WHAT YOU HAVE TO DO: In the entries below, repeat only the lines between those holding "Aby uczcić piękno" and "- The user taps", inclusive. Leave pictures out.

(RECORDS FOR THIS EXERCISE begins)

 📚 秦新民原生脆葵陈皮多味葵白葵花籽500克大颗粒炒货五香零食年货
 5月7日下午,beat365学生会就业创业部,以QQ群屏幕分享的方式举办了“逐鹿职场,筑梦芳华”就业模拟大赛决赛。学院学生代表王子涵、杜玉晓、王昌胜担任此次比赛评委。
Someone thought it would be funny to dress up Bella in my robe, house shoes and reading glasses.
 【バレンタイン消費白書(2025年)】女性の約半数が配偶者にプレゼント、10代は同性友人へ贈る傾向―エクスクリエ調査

(RECORDS FOR THIS EXERCISE ends)
(RECORDS FOR THIS EXERCISE begins)

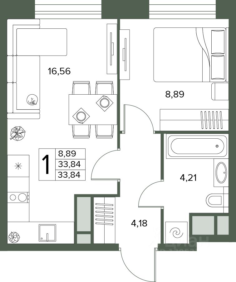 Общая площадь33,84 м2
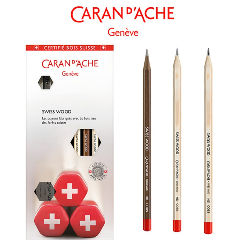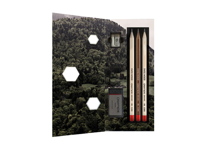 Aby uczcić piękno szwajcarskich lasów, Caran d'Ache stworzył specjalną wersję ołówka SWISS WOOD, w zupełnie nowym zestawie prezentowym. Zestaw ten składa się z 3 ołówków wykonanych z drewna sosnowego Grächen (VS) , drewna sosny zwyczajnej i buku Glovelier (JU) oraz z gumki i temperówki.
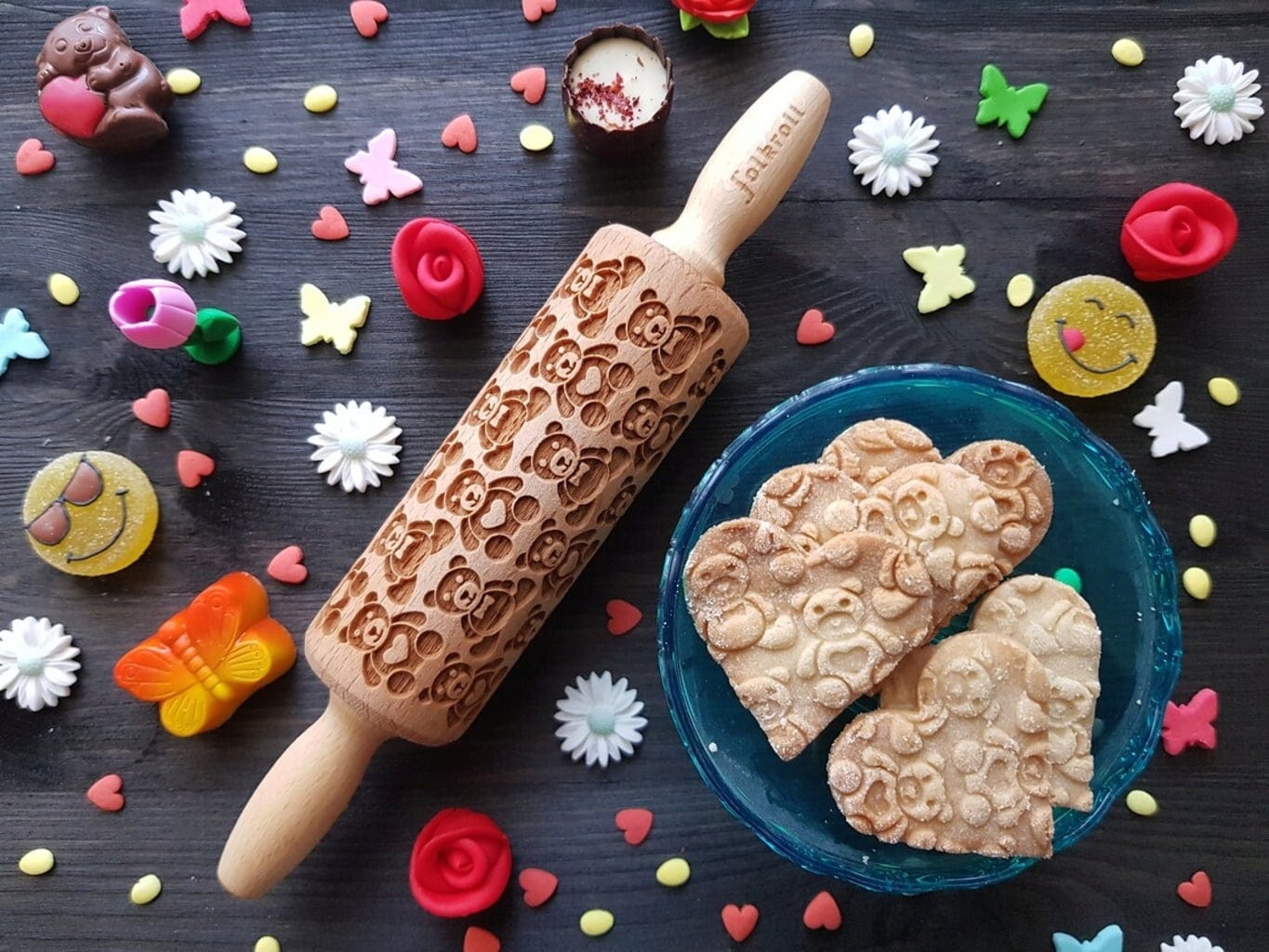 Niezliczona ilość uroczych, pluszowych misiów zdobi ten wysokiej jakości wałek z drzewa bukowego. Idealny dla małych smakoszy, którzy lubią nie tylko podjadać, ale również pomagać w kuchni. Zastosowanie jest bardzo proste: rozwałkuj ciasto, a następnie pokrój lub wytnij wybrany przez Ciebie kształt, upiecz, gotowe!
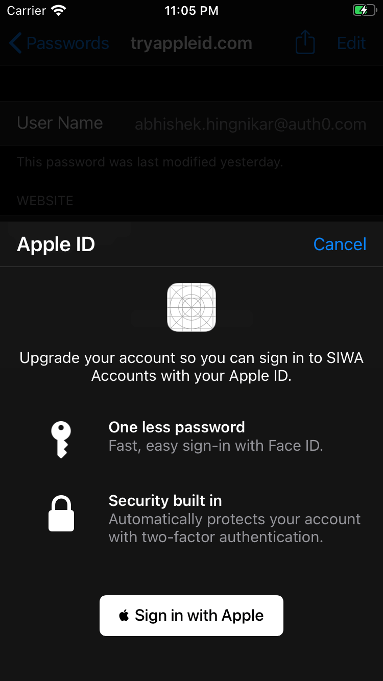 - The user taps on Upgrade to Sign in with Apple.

(RECORDS FOR THIS EXERCISE ends)

SOLUTION FOR THIS TASK:
 Aby uczcić piękno szwajcarskich lasów, Caran d'Ache stworzył specjalną wersję ołówka SWISS WOOD, w zupełnie nowym zestawie prezentowym. Zestaw ten składa się z 3 ołówków wykonanych z drewna sosnowego Grächen (VS) , drewna sosny zwyczajnej i buku Glovelier (JU) oraz z gumki i temperówki.
 Niezliczona ilość uroczych, pluszowych misiów zdobi ten wysokiej jakości wałek z drzewa bukowego. Idealny dla małych smakoszy, którzy lubią nie tylko podjadać, ale również pomagać w kuchni. Zastosowanie jest bardzo proste: rozwałkuj ciasto, a następnie pokrój lub wytnij wybrany przez Ciebie kształt, upiecz, gotowe!
 - The user taps on Upgrade to Sign in with Apple.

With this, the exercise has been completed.